Moneybox

The Lost Decade

Why the last 10 years have been an economic disappointment for most Americans.

As we dig out from the rubble of the financial sector’s collapse, it’s common to hear analysts fret that the United States may now be facing a Japan-style “lost decade.” Throughout the 1990s, after its real estate and stock bubble burst, Japan struggled with low growth for more than 10 years. It emerged from the decade shrunken and sapped of confidence, with very little to show for a large amount of government spending and near-zero interest rates.

 I’m not particularly concerned that the United States is in for a lost decade. Our political and financial leadership reacted much more quickly than Japan’s did, and the U.S. system, for all its faults, processes failure quickly.

More importantly, we’ve already had our lost decade.
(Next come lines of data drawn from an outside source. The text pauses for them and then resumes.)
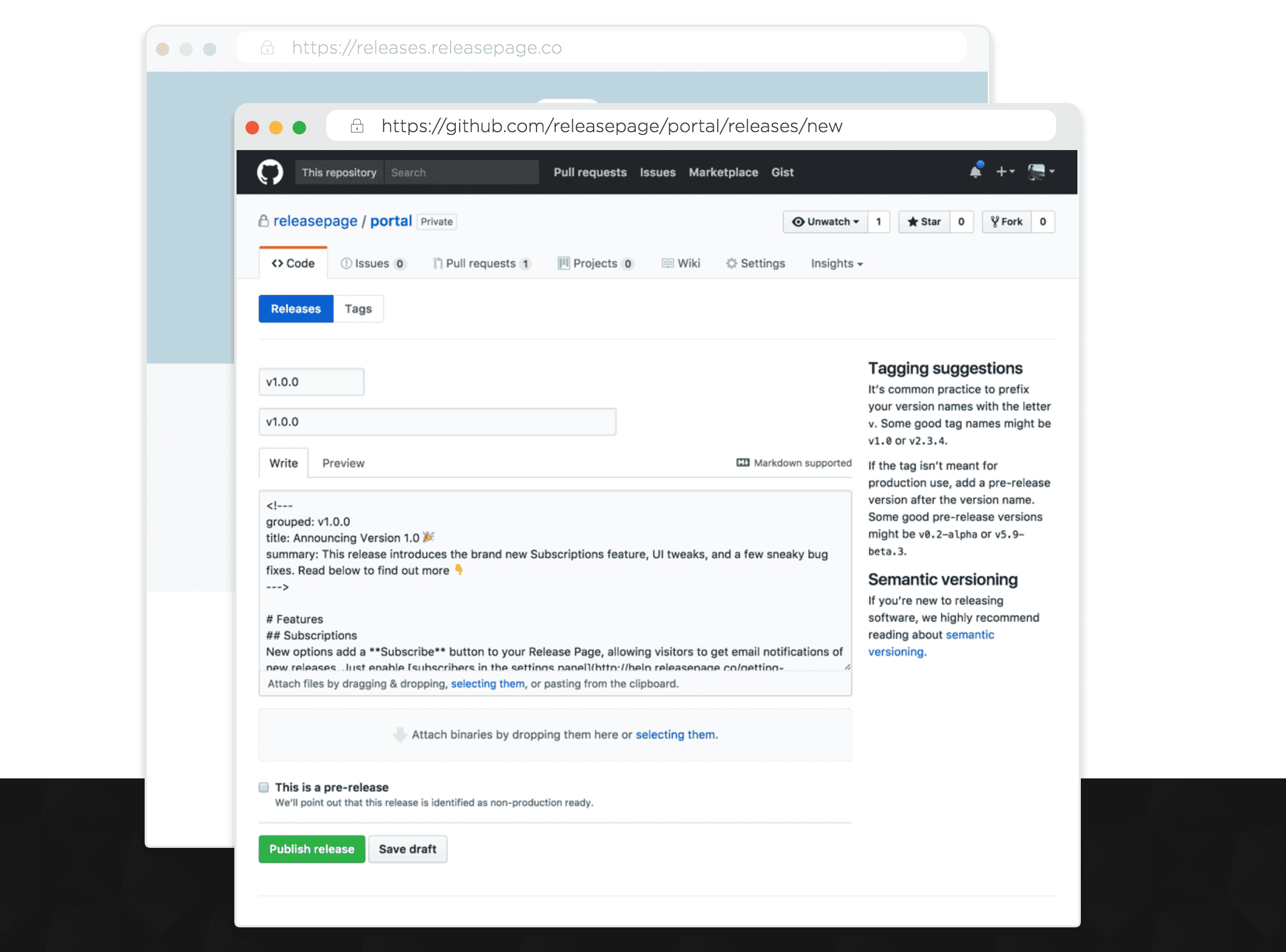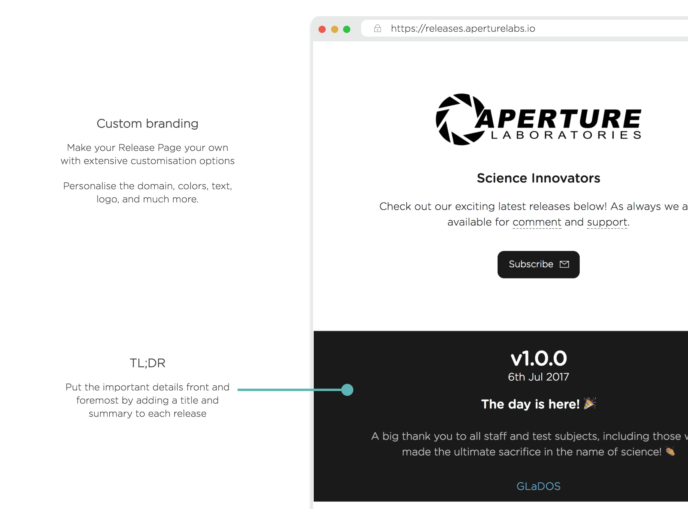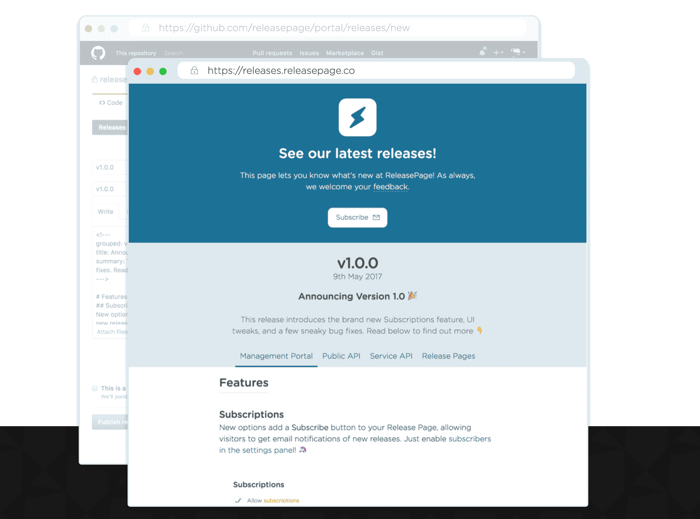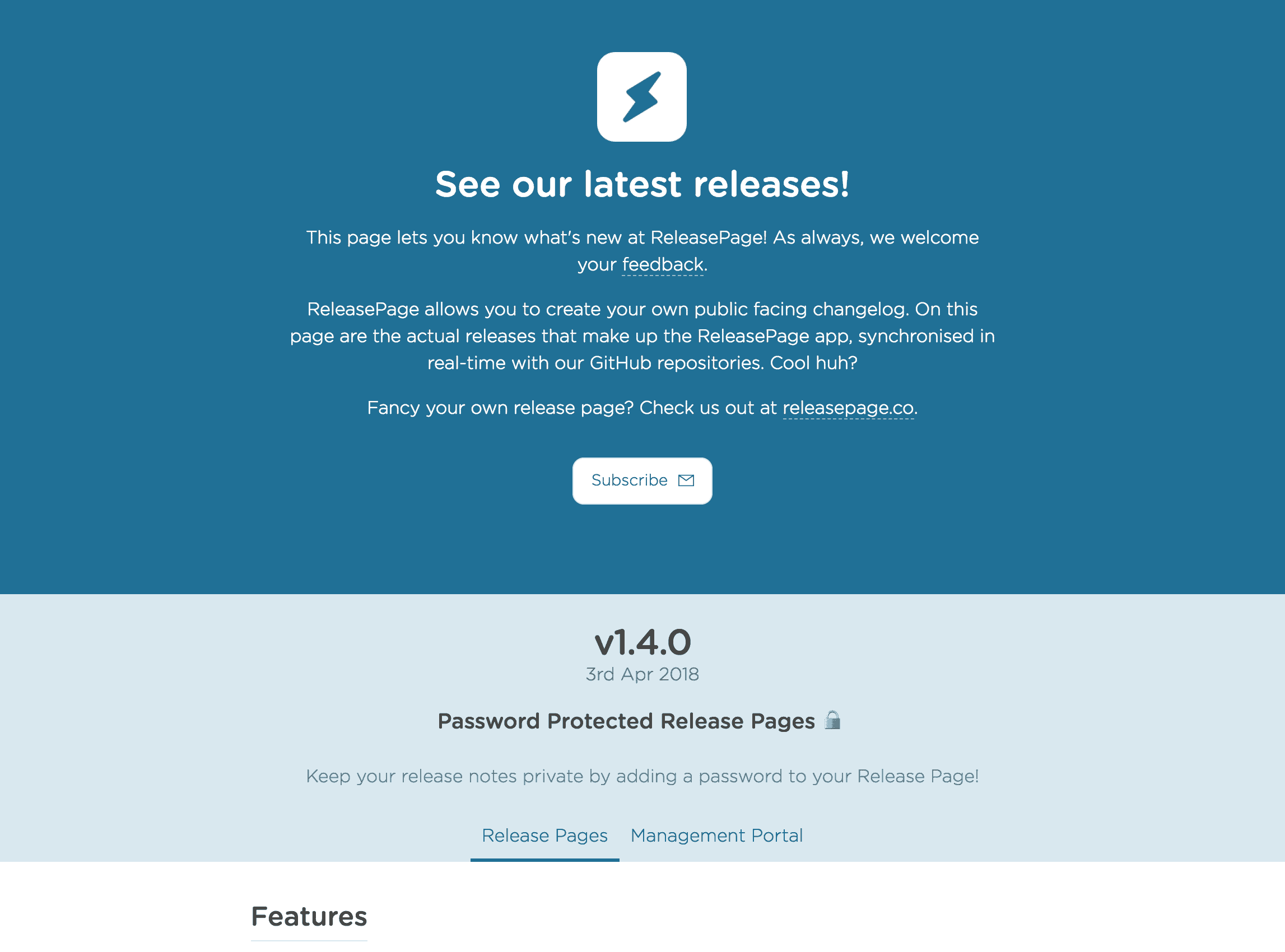 ReleasePage is one of our passion projects which provides an easier way for projects to communicate new software releases with their users. We architected, designed, and built a platform a for users to create branded, totally customised, beautiful web pages for their software release notes.
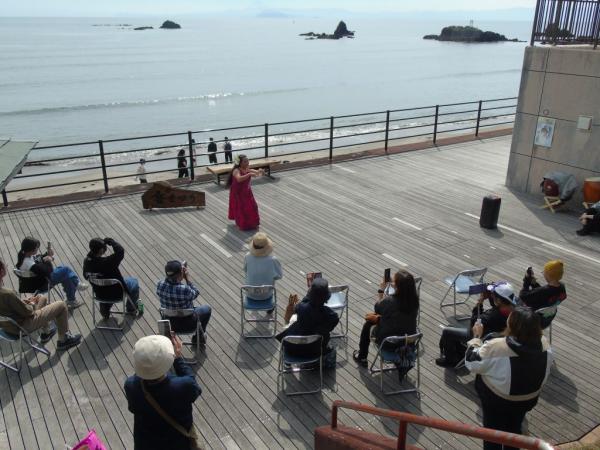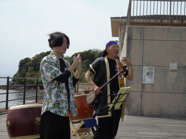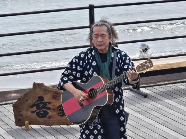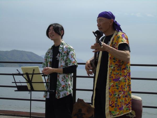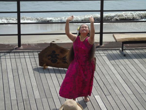 晴と曇りが交互に訪れる合間で天気に恵まれたこの日、波の音を聞きながらライブがあり、和太鼓演奏、毎日ライブを続けながら全国を巡っているシンガーソングライターのきよふみライブ、三線デュオ、フラダンスなど、それぞれジャンルの違う音楽が浜辺に流れた。
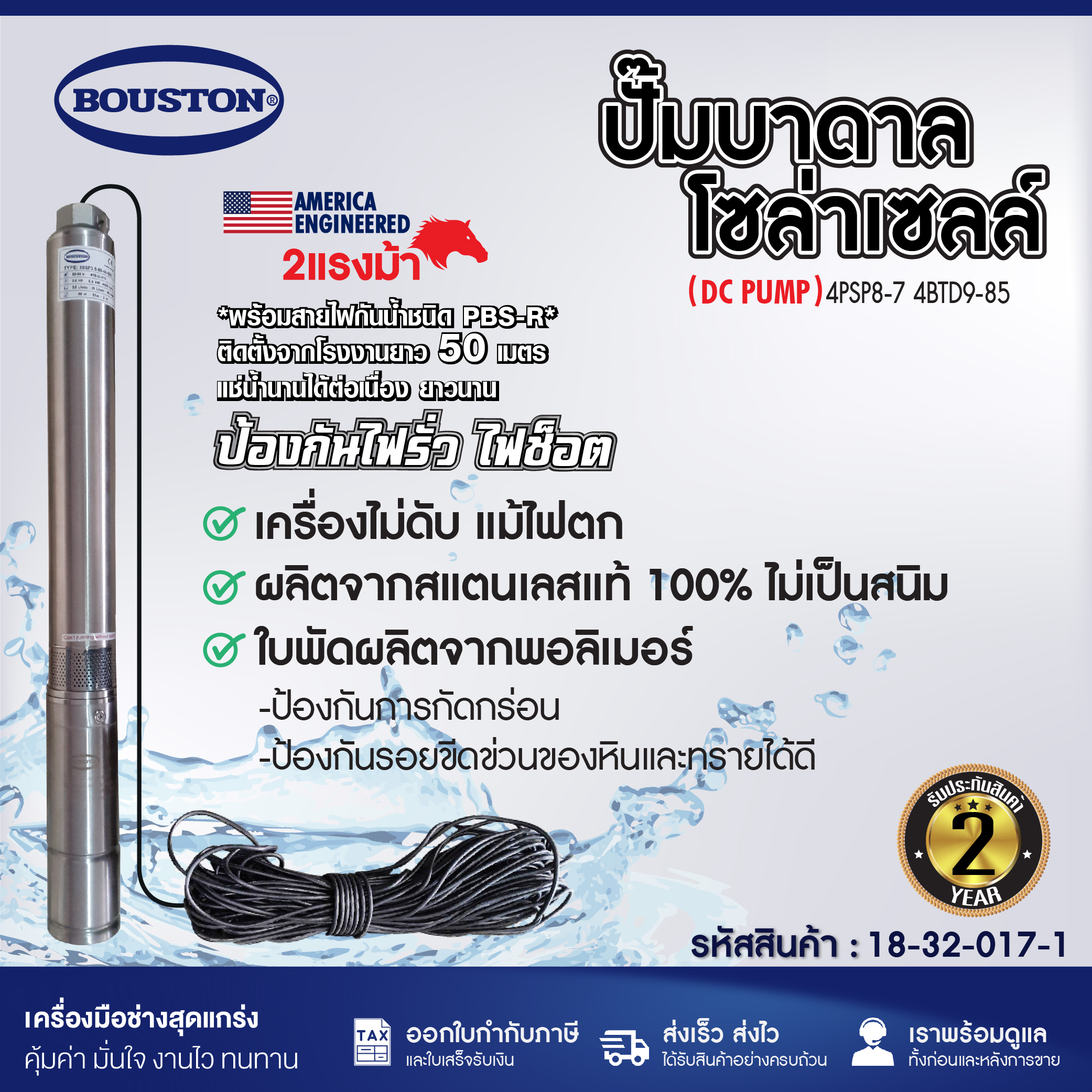 ปั๊มบาดาลโซล่าเซลล์ BOUSTON รุ่น 4PSP8-7 4BTD9-85
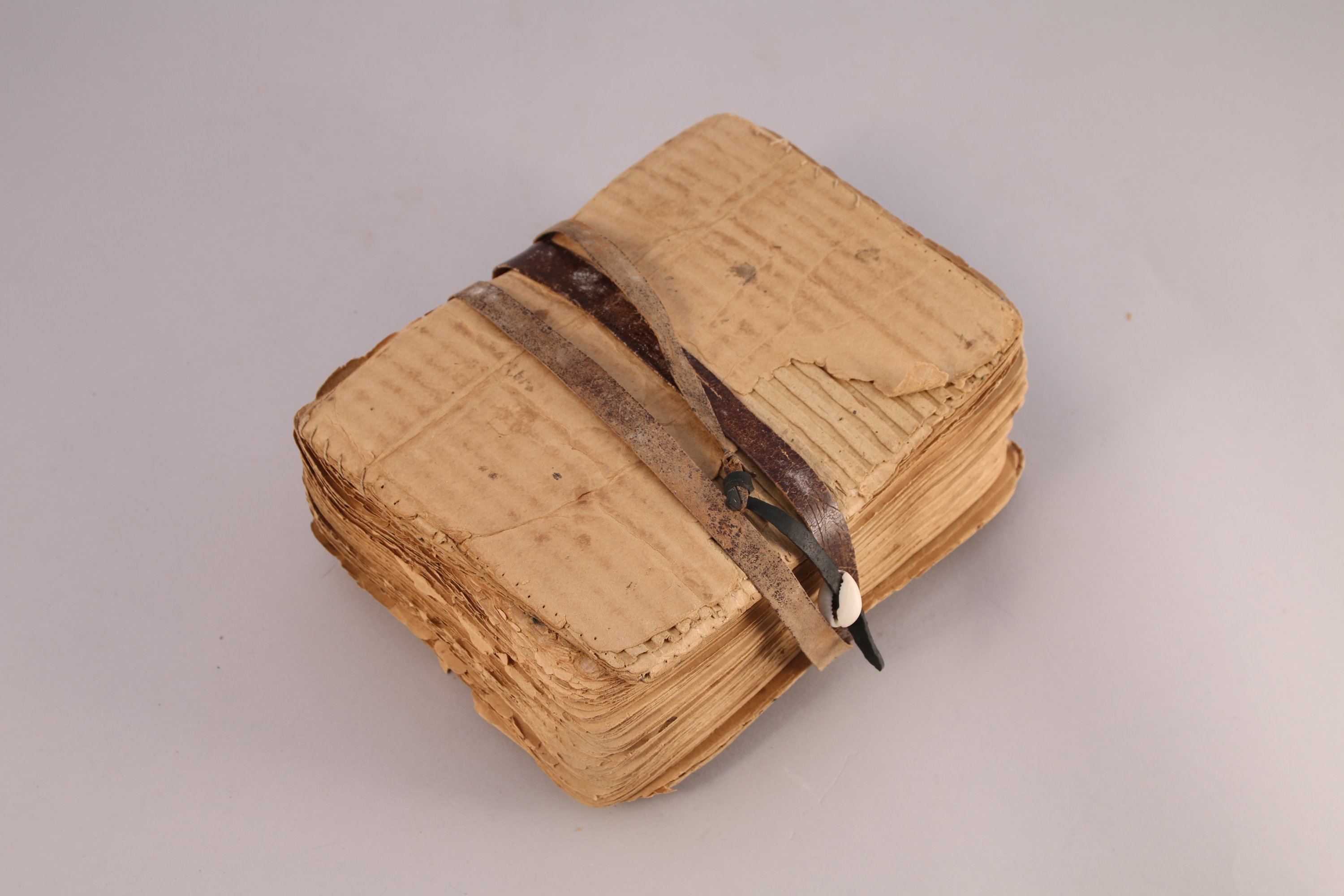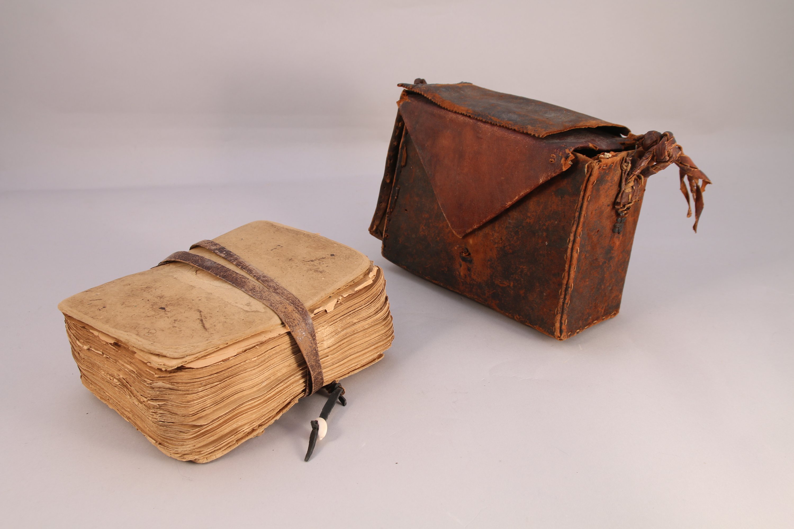 Reliure : Haut. 21, Larg. 17 cm. (pages manquantes, dans le désordre, déchirures, taches, restaurations, sacoche décousue)
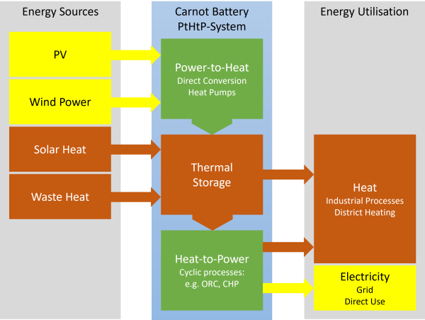 The aim of the IEA ES Task 44 of the International Energy Agency is to examine the role of Power-to-Heat (PtH) applications and heat-integrated Carnot battery systems (PtHtP, see Figure 1) in the decarbonization of industrial processes and connected heat and power networks. For this purpose, suitable system concepts and use cases for different technology configurations are identified and evaluated. The following development steps are planned for the overall project:
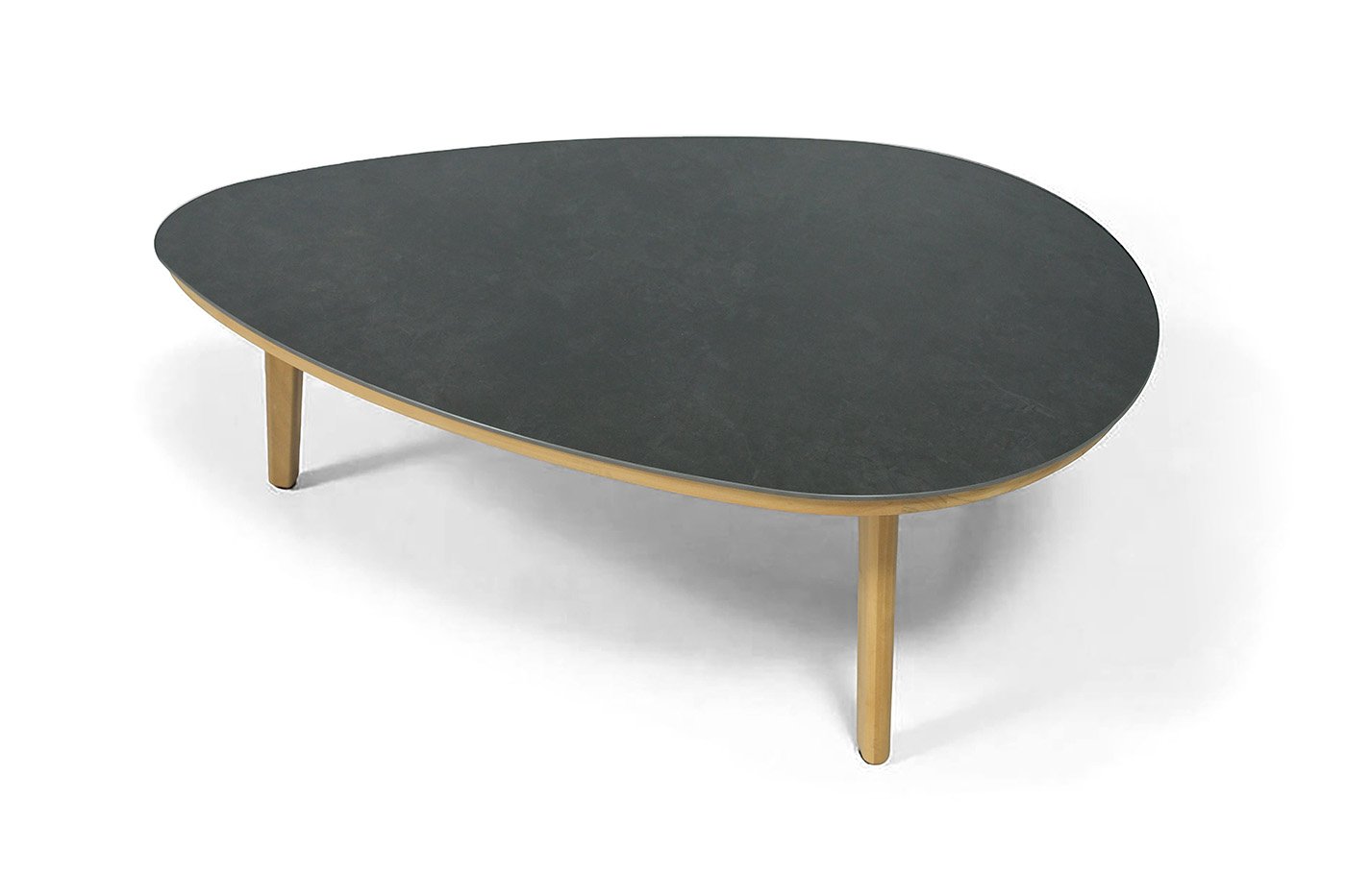 Основание из натурального тика придает теплоту и природную красоту. Тёплый древесный оттенок и природная фактура создают ощущение тепла и близости к природе. Столешница из искусственного камня в цвете «мрамор канделла светло-серый». Придаёт столу современный облик и подчёркивает его элегантность.
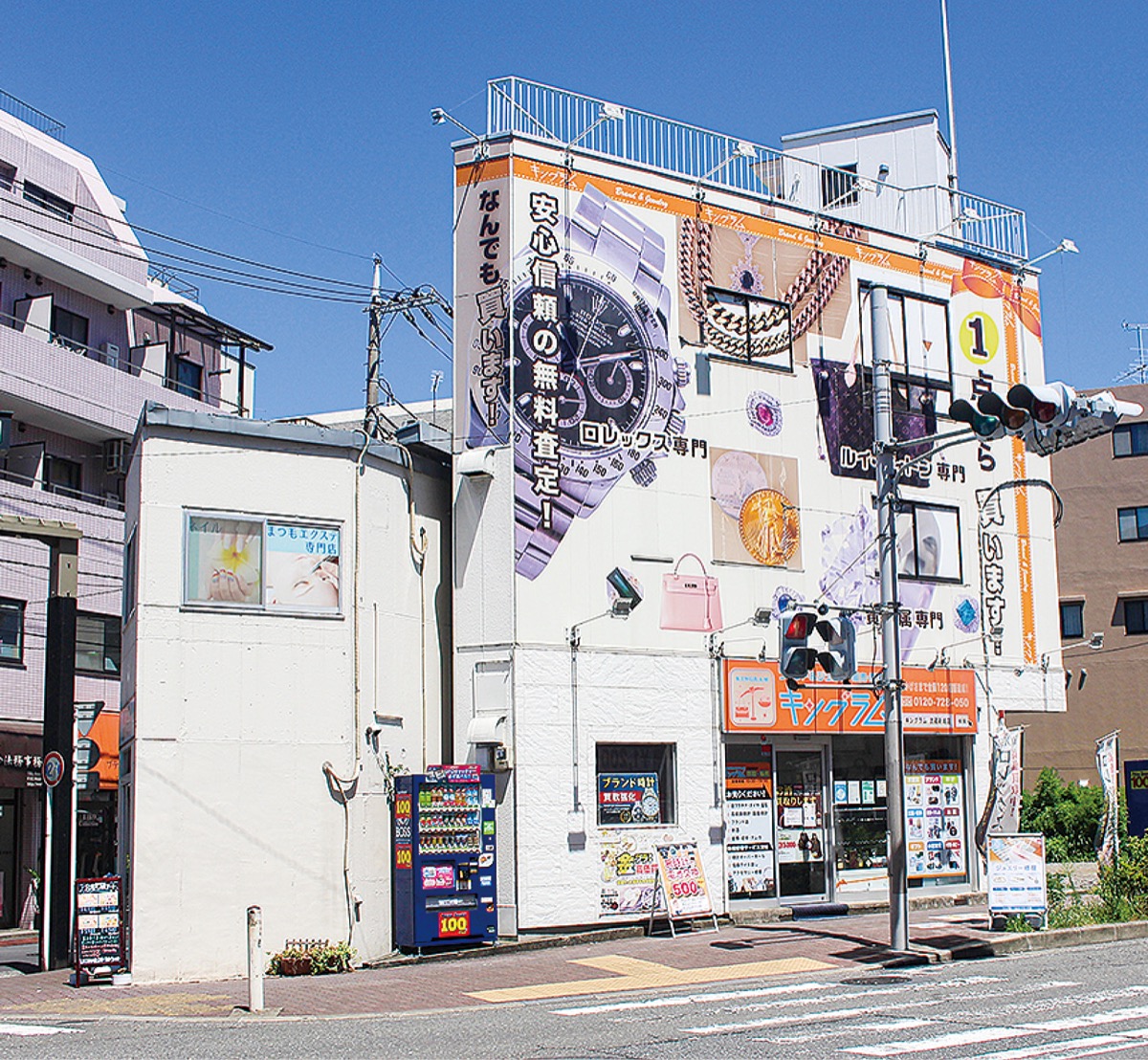 武蔵新城駅北口徒歩1分、オレンジ色の看板が目印のリサイクルショップ「キングラム武蔵新城店」では、テレホンカードの買取りを強化中だ。
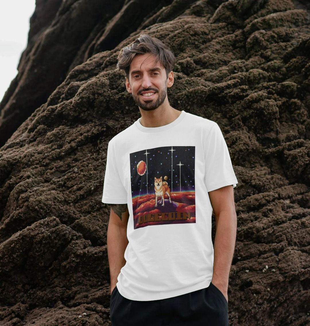 This tee goes further than the moon - but to mars! Designed by Dall-e 2 AI technology! Our new range is made using natural material and renewable energy but most importantly they’ve been designed from the start to come back to our partner factory when they’re worn out. They recover the material and make new products from it - so there is no waste. Check out the QR code on the care label for the details.
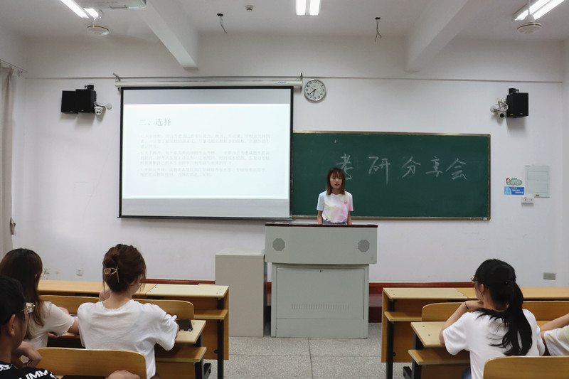 分享会上,韩文雯和王宇彤结合自身经历与同学们分享了自己的考研经验。对于如何做好考研准备,她们分别从选择院校、专业、初试科目复习安排,经验与教训以及考研资料推荐等方面进行详细的讲解,帮助同学们了解考研的一些基本事项,并给出建议,在分享会上同学们收获颇多。

When 2010 dawns in several weeks, it will bring down the curtain on a decade—the oughts—in which a great deal and not much at all happened, economically and financially speaking. In fact, a startling number of contemporary indicators are at or below the levels at which they stood 10 years ago.

Let’s start with the single most important economic number: jobs. Over the past 10 years, job creation has been extraordinarily weak. In September, on a seasonally adjusted basis, there were 108.5 million private (nongovernment) payroll jobs in the united States—almost precisely the number there were in June 1999. (To see the data, go here and then check “nonfarm private.”) In the past decade, in other words, the private sector hasn’t created a single job. That’s awful, especially when you consider that the population grew 9 percent during those years, from 282 million in 2000 to 308 million today.

The stock market performed like somebody running on a treadmill. A lot of energy was expended to travel the tiniest of distances. As this depressing 10-year chart of the S&P 500 shows, stocks went precisely nowhere in the past decade, despite all the efforts to help the market, from slashing capital gains and dividend taxes to keeping interest rates extremely low to bailing out just about everyone.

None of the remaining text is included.